The court agrees with Judge Dries that the complaint “lacks an arguable basis either in law or in fact.” See Denton v. Hernandez, 504 U.S. 25, 31 (1992) (quoting Neitzke v. Williams, 490 U.S. 319, 3251989)). “A complaint is factually frivolous if the allegations are clearly baseless, irrational, fanciful, delusional, or wholly incredible.” Weinschenk v. CIA, 818 Fed.Appx. 557, 557 (7th Cir. 2020) (citing Felton, 827 F.3d at 635). In Weinschenk v. CIA, 818 Fed.Appx. 557, 557 (7th Cir. 2020), the plaintiff failed to provide a clear connection between the locations, dates, people and events alleged in his complaint. See id.
Here, the plaintiff's allegations have no apparent connection in time or place: the plaintiff spoke with Rocking, tried to call St. Vincent de Paul and alleges that signs were turned around. The court cannot find any connection between the locations, dates, people and events mentioned in the complaint and none of the events the plaintiff describes violate the law. The court must dismiss the complaint.
The Seventh Circuit has held that when a court dismisses a complaint for failure to state a claim under Fed.R.Civ.P. 12(b)(6), it normally should give the plaintiff at least one opportunity to amend before dismissing the case. Runnion ex rel. Runnion v. Girl Scouts of Greater Chi. and Nw. Ind., 786 F.3d 510, 519 (7th Cir. 2015) (citations omitted). But “district courts have broad discretion to deny leave to amend where there is undue delay, bad faith, dilatory motive, repeated failure to cure deficiencies, undue prejudice to the defendants, or where the amendment would be futile.” Arreola v. Godinez, 546 F.3d 788, 796 (7th Cir. 2008) (citations omitted). The court concludes that it would be futile to allow the plaintiff to file an amended complaint. The allegations in the complaint make no sense, the plaintiff has sued defendants that are not suable entities and there is no diversity or federal question jurisdiction.
V. Conclusion
The court CONSTRUES the plaintiff's request to appeal as an objection to the report and recommendation and OVERRULES the objection. Dkt. No. 5.
The court ADOPTS the recommendation of the magistrate judge to dismiss the case. Dkt. No. 4.
The court ORDERS that this case is DISMISSED as frivolous and for failure to state a claim.
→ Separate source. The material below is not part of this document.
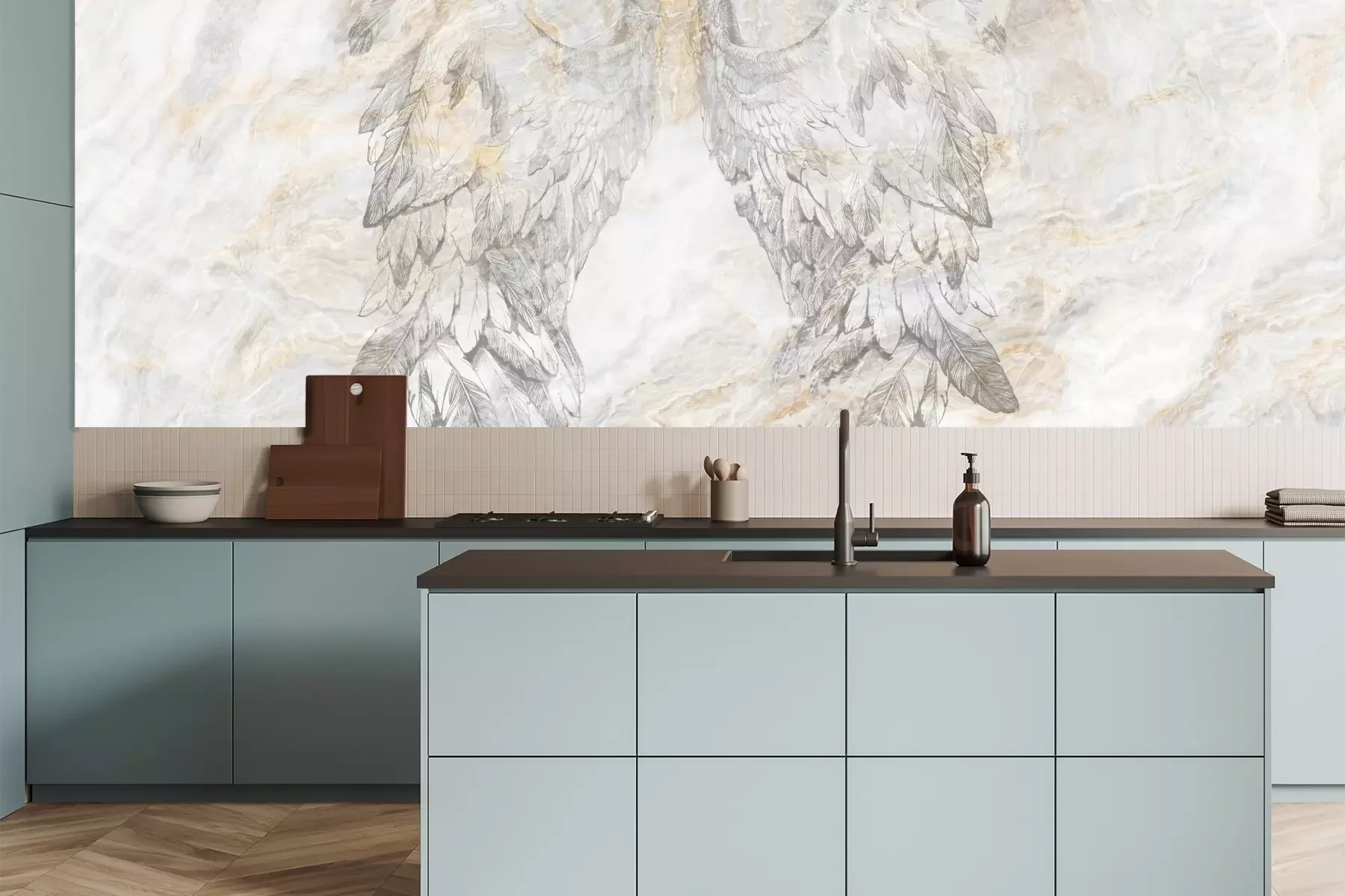 Het materiaal Premium is een glad vinyl op vlies, dat bestand is tegen uitrekken en vervorming. Het is dampdoorlatend – de muren kunnen vrij ademen – waardoor het geschikt is voor gebruik in de keuken en badkamer. Bij vervuiling kan het materiaal worden afgenomen met een vochtige doek. De maximale breedte van één baan bedraagt 95 of 105 cm, afhankelijk van de beschikbaarheid. Montage vindt plaats met de rand-aan-rand methode, wat een esthetisch resultaat zonder zichtbare naden oplevert. Omdat de lijm rechtstreeks op de muur wordt aangebracht, verloopt de installatie van het fotobehang snel en eenvoudig.

The clerk will enter judgment accordingly.
The court DENIES AS MOOT the plaintiff's request to proceed without prepaying the filing fee. Dkt. No. 2.
This order and the judgment to follow are final. A dissatisfied party may appeal this court's decision to the Court of Appeals for the Seventh Circuit by filing in this court a notice of appeal within thirty (30) days of the entry of judgment. See Fed. R. of App P. 3, 4. This court may extend this deadline if a party timely requests an extension and shows good cause or excusable neglect for not being able to meet the thirty-day deadline. See Fed. R. App. P. 4(a)(5)(A).
Under certain circumstances, a party may ask this court to alter or amend its judgment under Federal Rule of Civil Procedure 59(e) or ask for relief from judgment under Federal Rule of Civil Procedure 60(b). Any motion under Rule 59(e) must be filed within twenty-eight (28) days of the entry of judgment. The court cannon extend this deadline. See Fed.R.Civ.P. 6(b)(2). Any motion under Rule 60(b) must be filed within a reasonable time, generally no more than one year after the entry of judgment. The court cannot extend this deadline. See Fed.R.Civ.P. 6(b)(2).
The court expects parties to closely review all applicable rules and determine, what, if any, further action is appropriate in a case.